Second-quarter 2015 revenue was just $1.7m. It was $2.3m a year ago and $2.2m last quarter; this is bumping along the bottom.

The net loss was a thumping $3.52m, worse than the $1.8m recorded a year ago and $2.4m last quarter. You can literally see the revenue air leaking out of this boat and the red ink-stained water pouring in.

What did management have to say? “The decrease is primarily attributable to a decrease in custom development revenue as well as an expected decrease from our OEM SPHiNX product.”

In the earnings call CEO Rick Coleman said: "HP's decision in the second quarter of 2014 to replace our OEM SPHiNX product with its own product ... was a surprise to us and it's had a severe impact on what was millions of dollars of quarterly revenue for us."

Mark Hood, EVP of corporate development, said the StrongBox offering was now stronger than ever, with broader applicability than its original archive focus. It could be used, for example, by NetApp customers to defer a costly migration to ONTAP v8.

He says StrongBox will become "the premier provider of performance-defined storage" — there's optimism for you.

Could StrongBox sales grow? Coleman said that's "certainly our hope and our expectation but I am not able to make a forecast. It’s too difficult to predict when we are relying on outside [distribution-led] sales forces."

StrongBox product revenues aren't taking up the slack from the list SPHiNX revenues, hence the IP lawsuits, but these are costing money.

According to the company: “Operating expenses for fiscal Q2 2015 increased twenty-five per cent to $4.5m, compared with $3.6m in the same period a year ago. The increase is attributable to litigation expenses related to the company's ongoing patent infringement lawsuits against NetApp, Oracle, Cisco, Quantum, Huawei and Dot Hill.”

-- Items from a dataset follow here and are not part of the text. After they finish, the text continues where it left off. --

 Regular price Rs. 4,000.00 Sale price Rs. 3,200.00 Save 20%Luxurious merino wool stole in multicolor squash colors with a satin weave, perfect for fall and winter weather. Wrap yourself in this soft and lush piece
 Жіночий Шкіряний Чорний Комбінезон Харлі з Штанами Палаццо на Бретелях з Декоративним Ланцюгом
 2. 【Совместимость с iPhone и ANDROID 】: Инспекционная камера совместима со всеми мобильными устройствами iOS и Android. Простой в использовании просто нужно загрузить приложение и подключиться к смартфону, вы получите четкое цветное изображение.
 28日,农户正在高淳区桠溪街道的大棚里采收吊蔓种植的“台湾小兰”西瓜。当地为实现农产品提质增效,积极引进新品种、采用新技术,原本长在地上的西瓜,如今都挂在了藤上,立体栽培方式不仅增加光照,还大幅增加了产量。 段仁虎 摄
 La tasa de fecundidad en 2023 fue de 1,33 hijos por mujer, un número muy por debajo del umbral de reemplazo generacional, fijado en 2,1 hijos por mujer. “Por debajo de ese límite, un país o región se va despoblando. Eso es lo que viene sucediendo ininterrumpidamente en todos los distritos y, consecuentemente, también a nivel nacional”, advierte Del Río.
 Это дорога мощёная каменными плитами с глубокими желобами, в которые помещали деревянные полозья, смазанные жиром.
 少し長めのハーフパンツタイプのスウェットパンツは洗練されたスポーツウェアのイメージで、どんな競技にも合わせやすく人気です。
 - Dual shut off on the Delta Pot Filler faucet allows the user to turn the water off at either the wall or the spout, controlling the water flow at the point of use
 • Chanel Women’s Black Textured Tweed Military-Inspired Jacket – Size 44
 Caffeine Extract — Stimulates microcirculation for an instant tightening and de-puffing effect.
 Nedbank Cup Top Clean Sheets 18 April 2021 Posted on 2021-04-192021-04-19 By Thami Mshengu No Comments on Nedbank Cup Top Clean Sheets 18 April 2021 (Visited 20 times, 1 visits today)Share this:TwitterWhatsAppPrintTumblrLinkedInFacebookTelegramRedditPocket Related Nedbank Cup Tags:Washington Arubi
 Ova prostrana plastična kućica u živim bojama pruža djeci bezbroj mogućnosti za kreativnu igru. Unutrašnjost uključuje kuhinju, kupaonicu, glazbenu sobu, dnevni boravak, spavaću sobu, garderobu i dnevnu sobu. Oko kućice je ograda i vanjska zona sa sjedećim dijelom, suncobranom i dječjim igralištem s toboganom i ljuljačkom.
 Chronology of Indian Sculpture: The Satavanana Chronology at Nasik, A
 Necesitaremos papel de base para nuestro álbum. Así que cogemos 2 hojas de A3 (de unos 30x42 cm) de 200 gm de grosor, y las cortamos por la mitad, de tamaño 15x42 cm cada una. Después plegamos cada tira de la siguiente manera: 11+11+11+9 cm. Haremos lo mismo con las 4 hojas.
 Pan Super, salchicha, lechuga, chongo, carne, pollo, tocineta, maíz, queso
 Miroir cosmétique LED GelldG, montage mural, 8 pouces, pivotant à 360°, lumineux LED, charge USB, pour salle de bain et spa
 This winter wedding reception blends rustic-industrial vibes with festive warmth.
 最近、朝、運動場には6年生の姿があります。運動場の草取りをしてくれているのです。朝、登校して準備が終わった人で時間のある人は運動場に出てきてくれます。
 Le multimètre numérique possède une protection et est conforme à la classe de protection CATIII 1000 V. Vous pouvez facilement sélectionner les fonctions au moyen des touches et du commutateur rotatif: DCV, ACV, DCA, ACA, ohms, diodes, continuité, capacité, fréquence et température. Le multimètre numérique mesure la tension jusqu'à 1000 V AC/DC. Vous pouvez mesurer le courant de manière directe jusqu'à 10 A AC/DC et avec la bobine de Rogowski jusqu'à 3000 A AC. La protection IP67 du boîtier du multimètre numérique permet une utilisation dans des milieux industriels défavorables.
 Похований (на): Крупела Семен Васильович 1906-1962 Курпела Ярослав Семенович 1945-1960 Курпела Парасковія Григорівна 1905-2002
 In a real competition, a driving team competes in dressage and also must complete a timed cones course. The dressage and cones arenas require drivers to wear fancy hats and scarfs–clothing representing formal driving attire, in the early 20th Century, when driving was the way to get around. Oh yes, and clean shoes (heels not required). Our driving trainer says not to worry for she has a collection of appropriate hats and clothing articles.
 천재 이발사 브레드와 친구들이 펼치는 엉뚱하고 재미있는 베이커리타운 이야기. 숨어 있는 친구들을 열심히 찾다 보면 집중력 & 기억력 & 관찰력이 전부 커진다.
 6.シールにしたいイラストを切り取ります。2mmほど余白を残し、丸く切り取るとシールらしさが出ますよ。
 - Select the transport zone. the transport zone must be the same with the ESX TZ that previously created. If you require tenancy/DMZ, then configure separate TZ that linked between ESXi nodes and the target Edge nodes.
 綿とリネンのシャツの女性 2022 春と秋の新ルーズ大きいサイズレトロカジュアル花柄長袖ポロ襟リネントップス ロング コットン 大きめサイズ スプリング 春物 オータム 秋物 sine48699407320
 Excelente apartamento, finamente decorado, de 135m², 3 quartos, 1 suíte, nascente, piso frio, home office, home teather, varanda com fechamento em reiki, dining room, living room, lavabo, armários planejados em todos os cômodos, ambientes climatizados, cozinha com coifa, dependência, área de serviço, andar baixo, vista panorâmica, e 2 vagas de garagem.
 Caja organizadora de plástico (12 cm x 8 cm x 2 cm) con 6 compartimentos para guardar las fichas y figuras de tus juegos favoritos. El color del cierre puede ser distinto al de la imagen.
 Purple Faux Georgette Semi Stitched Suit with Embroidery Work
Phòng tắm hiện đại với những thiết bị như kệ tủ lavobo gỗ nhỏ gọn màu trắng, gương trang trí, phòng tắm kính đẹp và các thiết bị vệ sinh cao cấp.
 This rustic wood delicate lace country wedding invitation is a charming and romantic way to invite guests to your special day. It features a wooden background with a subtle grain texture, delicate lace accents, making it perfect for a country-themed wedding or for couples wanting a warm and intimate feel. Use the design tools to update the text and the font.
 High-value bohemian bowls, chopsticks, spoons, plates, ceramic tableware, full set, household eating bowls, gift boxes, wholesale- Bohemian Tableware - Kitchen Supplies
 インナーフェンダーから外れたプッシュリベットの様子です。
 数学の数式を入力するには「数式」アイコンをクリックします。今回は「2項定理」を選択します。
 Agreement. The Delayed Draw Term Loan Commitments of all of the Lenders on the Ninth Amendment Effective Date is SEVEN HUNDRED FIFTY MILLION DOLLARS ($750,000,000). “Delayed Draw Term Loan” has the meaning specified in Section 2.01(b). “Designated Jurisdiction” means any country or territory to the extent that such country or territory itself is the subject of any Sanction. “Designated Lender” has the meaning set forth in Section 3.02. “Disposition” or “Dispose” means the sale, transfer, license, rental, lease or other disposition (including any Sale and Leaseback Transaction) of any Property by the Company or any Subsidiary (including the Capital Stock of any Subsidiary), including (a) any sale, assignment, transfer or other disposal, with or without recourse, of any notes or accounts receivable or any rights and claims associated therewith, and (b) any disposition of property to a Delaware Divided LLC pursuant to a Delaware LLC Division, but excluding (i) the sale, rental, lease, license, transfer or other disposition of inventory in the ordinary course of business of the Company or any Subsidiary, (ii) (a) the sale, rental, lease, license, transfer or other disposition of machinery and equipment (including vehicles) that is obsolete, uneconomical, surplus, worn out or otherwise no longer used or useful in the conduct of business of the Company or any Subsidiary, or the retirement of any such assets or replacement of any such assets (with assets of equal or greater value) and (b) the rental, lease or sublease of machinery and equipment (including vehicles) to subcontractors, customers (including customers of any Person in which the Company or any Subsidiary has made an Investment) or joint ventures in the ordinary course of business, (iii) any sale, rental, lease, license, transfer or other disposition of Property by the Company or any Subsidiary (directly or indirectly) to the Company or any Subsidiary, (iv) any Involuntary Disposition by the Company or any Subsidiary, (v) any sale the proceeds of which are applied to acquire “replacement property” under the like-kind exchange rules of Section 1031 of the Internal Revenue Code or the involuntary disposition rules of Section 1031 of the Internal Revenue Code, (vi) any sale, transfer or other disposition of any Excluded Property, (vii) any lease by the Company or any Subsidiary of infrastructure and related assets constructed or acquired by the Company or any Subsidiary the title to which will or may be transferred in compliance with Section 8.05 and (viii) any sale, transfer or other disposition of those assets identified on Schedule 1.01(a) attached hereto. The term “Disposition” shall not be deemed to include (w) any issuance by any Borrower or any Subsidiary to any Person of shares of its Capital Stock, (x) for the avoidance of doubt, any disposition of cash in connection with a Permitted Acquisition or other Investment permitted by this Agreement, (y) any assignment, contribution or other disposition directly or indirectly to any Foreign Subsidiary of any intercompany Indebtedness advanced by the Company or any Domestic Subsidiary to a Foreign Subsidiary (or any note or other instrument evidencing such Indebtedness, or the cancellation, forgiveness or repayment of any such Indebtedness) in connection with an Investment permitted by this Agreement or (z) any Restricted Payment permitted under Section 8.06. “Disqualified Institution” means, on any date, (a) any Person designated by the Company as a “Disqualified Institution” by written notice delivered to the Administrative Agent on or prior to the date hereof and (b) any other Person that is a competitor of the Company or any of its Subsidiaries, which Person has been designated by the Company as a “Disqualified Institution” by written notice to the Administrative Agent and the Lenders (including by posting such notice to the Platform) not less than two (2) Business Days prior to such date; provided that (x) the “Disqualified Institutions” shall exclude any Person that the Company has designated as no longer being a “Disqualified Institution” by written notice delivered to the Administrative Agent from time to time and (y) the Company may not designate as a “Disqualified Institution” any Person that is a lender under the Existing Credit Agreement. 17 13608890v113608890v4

Crossroads is suing several large tech companies for patent infringement, stating that, since 2001, it "has licensed the '972 Patent Family to more than 40 companies and received in excess of $60m in license and settlement revenue".

Coleman said: "The cases that we have against NetApp, Oracle, Cisco, Quantum, and Huawei are all handled on a contingency basis. The cases against Dot Hill and the defense against the Quantum case filed against Crossroads are not on contingency," and Crossroads has to pay the bills for those.

Well, at least those lawyers are earning money.

Comment

Coleman was optimistic about the outcome of the IP lawsuits, and remains "confident that we will recover a fair return on behalf of our shareholders from each and every defendant."

A fair return means this: "Using a reasonable fact-based damages model, we think the litigation recovery with this set of defendants could be worth in excess of $200m. For a company with a market cap of around $40m, the awards of trial represent significant shareholder value that we intend to pursue relentlessly."

So the rights issue cash is needed, crudely speaking, to fund the litigation and keep the company going, because StrongBox revenues on their own are insufficient and its cash is running out.

The company said that as of April 30, 2015 "cash, cash equivalents, and restricted cash totalled $5.1m, compared with $8.4m in the previous quarter.”

That’s $3.3m gone in a quarter. At this rate it will run out of cash in Q4 and that will be that, game over, unless it gets the rights issue cash.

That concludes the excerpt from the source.